### What the task asks
With the images left out, print all of the records below exactly.

Records from a collection
◆ ◆ ◆ ◆
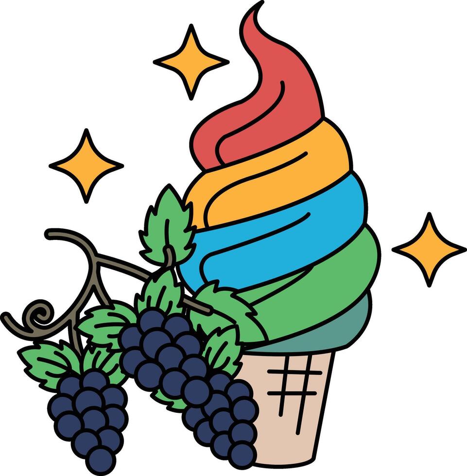 A drawing of a grapefruit and a grape ice cream cone Pro Vector
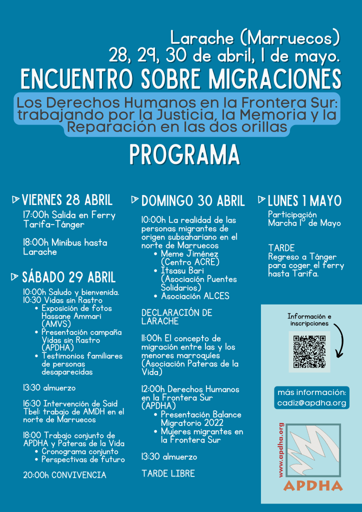 La Asociación Pro Derechos Humanos de Andalucía denuncia que el gobierno marroquí ha prohibido la realización del encuentro «Los Derechos Humanos en la Frontera Sur: trabajando por la Justicia, la Reparación y la Memoria en las dos orillas«, programado para los días 28, 29, 30 de abril y 1 de mayo en Larache (Marruecos). El encuentro estaba organizado por la APDHA, por la Asociación marroquí Pateras de la Vida y por la asociación AMVS (Asociación de ayuda a las personas Migrantes en Situación de Vulnerabilidad).
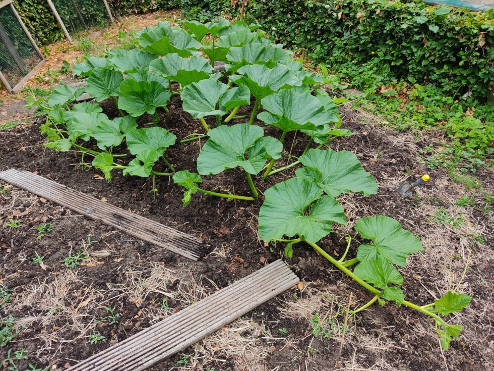 The 1243 Molek plant is doing well in the 150 sq ft patch. The first pumpkin is still 4 leaves deep in the tip with about 22 secondaries in front so the space for backups is very small.
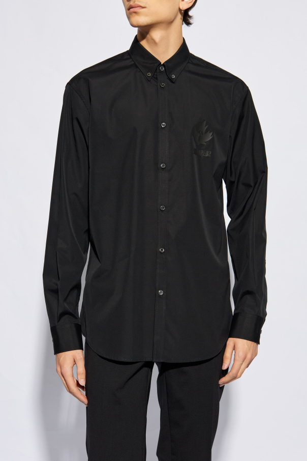 Introducing the epitome of sartorial elegance, the Dsquared2 Logo Shirt. Crafted from 100% cotton, this exquisite piece showcases a sleek black hue, exuding a sophisticated sheen that subtly catches the light. Its design is a harmonious blend of classic and contemporary, featuring a round neckline, long sleeves, and a refined button-down collar that adds a touch of traditional charm. The shirt's allure is accentuated by the discreet yet distinguished DSQUARED2 logo, a stylized maple leaf with the brand's name elegantly positioned below. This logo, rendered in a shade matching the shirt's fabric, serves as a testament to the brand's attention to detail and quality. The shirt's silhouette is meticulously tailored to flatter the physique, offering a fit that is snug yet comfortable, ensuring a polished appearance without compromising on ease of movement. From every angle, this shirt presents a clean, unembellished design, its back mirroring the front's minimalist aesthetic. This garment is secured with buttons, each chosen to complement the shirt's overall design seamlessly. Why Purchase This Product? Exemplifies luxurious craftsmanship with high-quality, lustrous cotton material. Iconic DSQUARED2 logo adds a subtle, elegant branding touch. Versatile design suitable for both formal and casual occasions. Ensures a flattering fit that enhances the silhouette without restricting movement. A testament to timeless style with its classic color and sophisticated details.
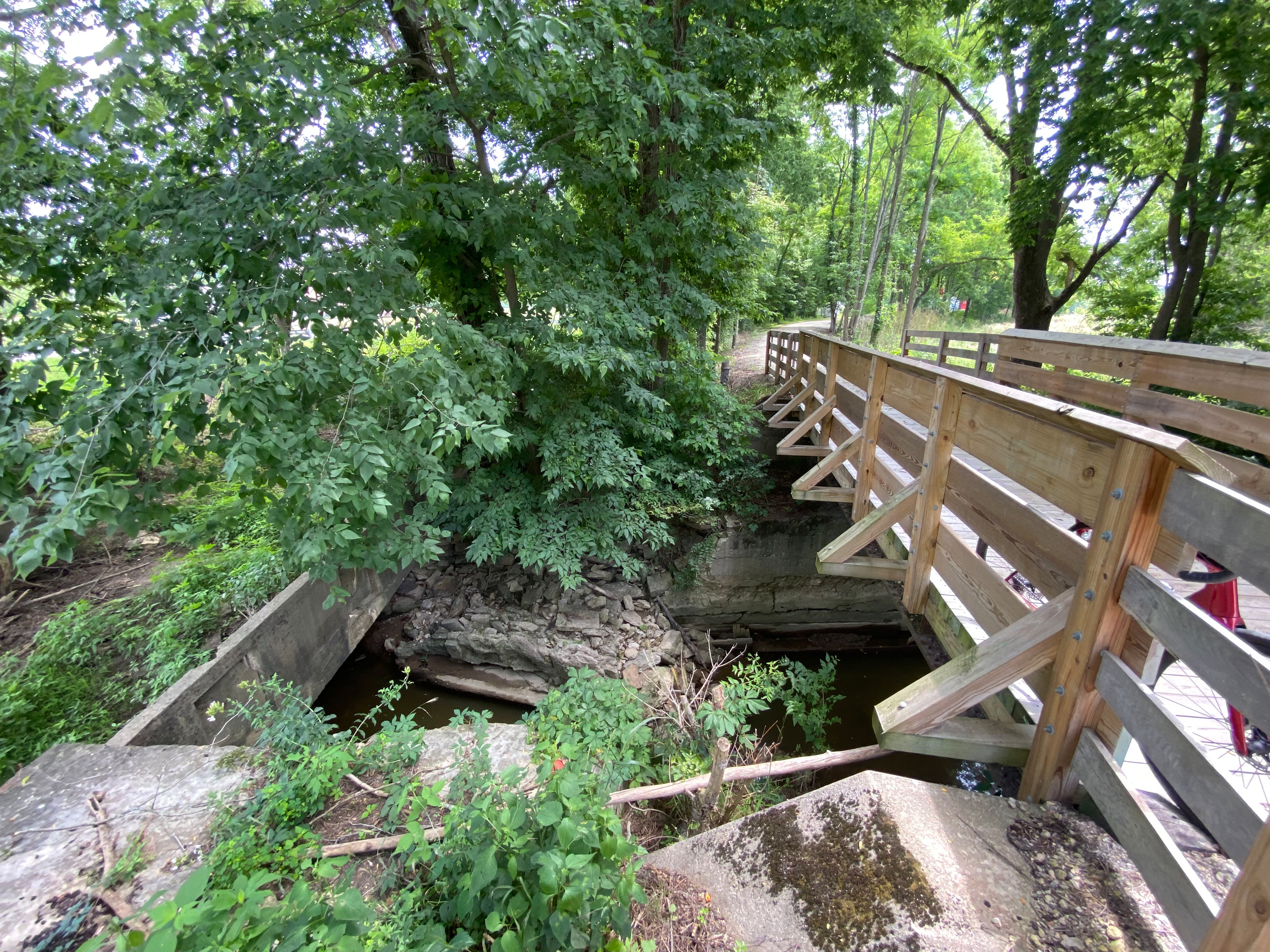 Whitewater Canal Goose Creek aqueduct, looking East along the towpath trail and railroad right-of-way.
◆ ◆ ◆ ◆
### Finished task
 A drawing of a grapefruit and a grape ice cream cone Pro Vector
 La Asociación Pro Derechos Humanos de Andalucía denuncia que el gobierno marroquí ha prohibido la realización del encuentro «Los Derechos Humanos en la Frontera Sur: trabajando por la Justicia, la Reparación y la Memoria en las dos orillas«, programado para los días 28, 29, 30 de abril y 1 de mayo en Larache (Marruecos). El encuentro estaba organizado por la APDHA, por la Asociación marroquí Pateras de la Vida y por la asociación AMVS (Asociación de ayuda a las personas Migrantes en Situación de Vulnerabilidad).
 The 1243 Molek plant is doing well in the 150 sq ft patch. The first pumpkin is still 4 leaves deep in the tip with about 22 secondaries in front so the space for backups is very small.
 Introducing the epitome of sartorial elegance, the Dsquared2 Logo Shirt. Crafted from 100% cotton, this exquisite piece showcases a sleek black hue, exuding a sophisticated sheen that subtly catches the light. Its design is a harmonious blend of classic and contemporary, featuring a round neckline, long sleeves, and a refined button-down collar that adds a touch of traditional charm. The shirt's allure is accentuated by the discreet yet distinguished DSQUARED2 logo, a stylized maple leaf with the brand's name elegantly positioned below. This logo, rendered in a shade matching the shirt's fabric, serves as a testament to the brand's attention to detail and quality. The shirt's silhouette is meticulously tailored to flatter the physique, offering a fit that is snug yet comfortable, ensuring a polished appearance without compromising on ease of movement. From every angle, this shirt presents a clean, unembellished design, its back mirroring the front's minimalist aesthetic. This garment is secured with buttons, each chosen to complement the shirt's overall design seamlessly. Why Purchase This Product? Exemplifies luxurious craftsmanship with high-quality, lustrous cotton material. Iconic DSQUARED2 logo adds a subtle, elegant branding touch. Versatile design suitable for both formal and casual occasions. Ensures a flattering fit that enhances the silhouette without restricting movement. A testament to timeless style with its classic color and sophisticated details.
 Whitewater Canal Goose Creek aqueduct, looking East along the towpath trail and railroad right-of-way.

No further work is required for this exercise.